• Working data:

------------------------------

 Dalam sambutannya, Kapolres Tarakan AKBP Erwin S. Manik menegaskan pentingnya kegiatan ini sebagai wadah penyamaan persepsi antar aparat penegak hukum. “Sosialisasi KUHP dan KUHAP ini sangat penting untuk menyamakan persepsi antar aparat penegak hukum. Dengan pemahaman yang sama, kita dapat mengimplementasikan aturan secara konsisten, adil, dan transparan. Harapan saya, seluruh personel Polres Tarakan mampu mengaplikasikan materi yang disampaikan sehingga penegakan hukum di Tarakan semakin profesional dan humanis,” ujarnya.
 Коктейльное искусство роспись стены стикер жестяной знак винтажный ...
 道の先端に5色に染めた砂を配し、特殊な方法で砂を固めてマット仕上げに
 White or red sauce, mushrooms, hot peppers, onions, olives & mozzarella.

------------------------------

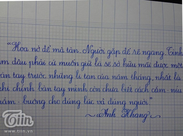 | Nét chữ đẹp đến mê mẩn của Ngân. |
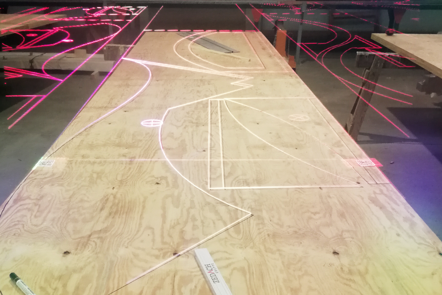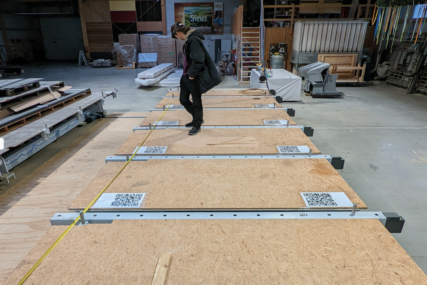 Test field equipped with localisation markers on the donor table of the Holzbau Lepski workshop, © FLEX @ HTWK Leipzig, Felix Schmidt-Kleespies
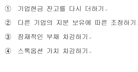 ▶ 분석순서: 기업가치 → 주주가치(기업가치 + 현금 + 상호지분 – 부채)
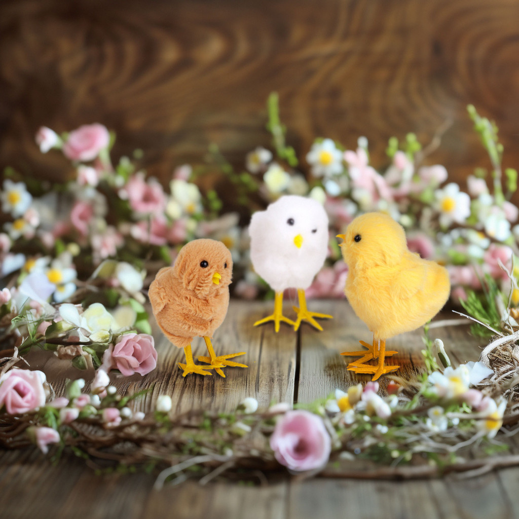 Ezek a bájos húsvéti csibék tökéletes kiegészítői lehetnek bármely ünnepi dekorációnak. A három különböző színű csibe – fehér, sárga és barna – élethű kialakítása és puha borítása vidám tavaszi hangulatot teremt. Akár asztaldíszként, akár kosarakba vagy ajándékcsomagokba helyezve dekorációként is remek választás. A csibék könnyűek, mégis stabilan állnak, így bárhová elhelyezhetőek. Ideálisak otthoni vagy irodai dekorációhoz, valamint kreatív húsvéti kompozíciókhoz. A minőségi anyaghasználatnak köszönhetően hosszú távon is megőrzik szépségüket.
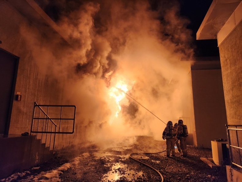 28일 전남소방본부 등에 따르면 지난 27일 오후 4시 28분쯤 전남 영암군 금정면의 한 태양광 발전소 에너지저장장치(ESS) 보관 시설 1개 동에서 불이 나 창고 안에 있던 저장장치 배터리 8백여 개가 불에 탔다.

------------------------------

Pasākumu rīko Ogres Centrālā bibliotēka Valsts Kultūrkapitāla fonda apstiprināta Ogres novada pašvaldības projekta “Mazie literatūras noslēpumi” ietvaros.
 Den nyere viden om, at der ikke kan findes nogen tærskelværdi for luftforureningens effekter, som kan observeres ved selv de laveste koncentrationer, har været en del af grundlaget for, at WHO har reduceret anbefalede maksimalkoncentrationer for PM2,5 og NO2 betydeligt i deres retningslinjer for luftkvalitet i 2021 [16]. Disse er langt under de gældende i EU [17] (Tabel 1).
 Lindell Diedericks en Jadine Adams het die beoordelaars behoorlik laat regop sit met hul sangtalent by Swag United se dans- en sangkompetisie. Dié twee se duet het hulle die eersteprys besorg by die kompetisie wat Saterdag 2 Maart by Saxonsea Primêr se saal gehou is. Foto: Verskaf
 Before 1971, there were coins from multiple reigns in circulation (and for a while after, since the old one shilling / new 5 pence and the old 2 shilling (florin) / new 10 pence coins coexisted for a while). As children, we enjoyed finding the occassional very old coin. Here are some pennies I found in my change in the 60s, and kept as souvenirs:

------------------------------

• Task objective: All that is wanted is the stretch of lines above from the one containing "Dalam sambutannya, Kapolres" through the one containing "道の先端に5色に染めた砂を配し、特殊な方法で砂を固めてマット仕上げに", duplicated exactly.

• Result of the task:
 Dalam sambutannya, Kapolres Tarakan AKBP Erwin S. Manik menegaskan pentingnya kegiatan ini sebagai wadah penyamaan persepsi antar aparat penegak hukum. “Sosialisasi KUHP dan KUHAP ini sangat penting untuk menyamakan persepsi antar aparat penegak hukum. Dengan pemahaman yang sama, kita dapat mengimplementasikan aturan secara konsisten, adil, dan transparan. Harapan saya, seluruh personel Polres Tarakan mampu mengaplikasikan materi yang disampaikan sehingga penegakan hukum di Tarakan semakin profesional dan humanis,” ujarnya.
 Коктейльное искусство роспись стены стикер жестяной знак винтажный ...
 道の先端に5色に染めた砂を配し、特殊な方法で砂を固めてマット仕上げに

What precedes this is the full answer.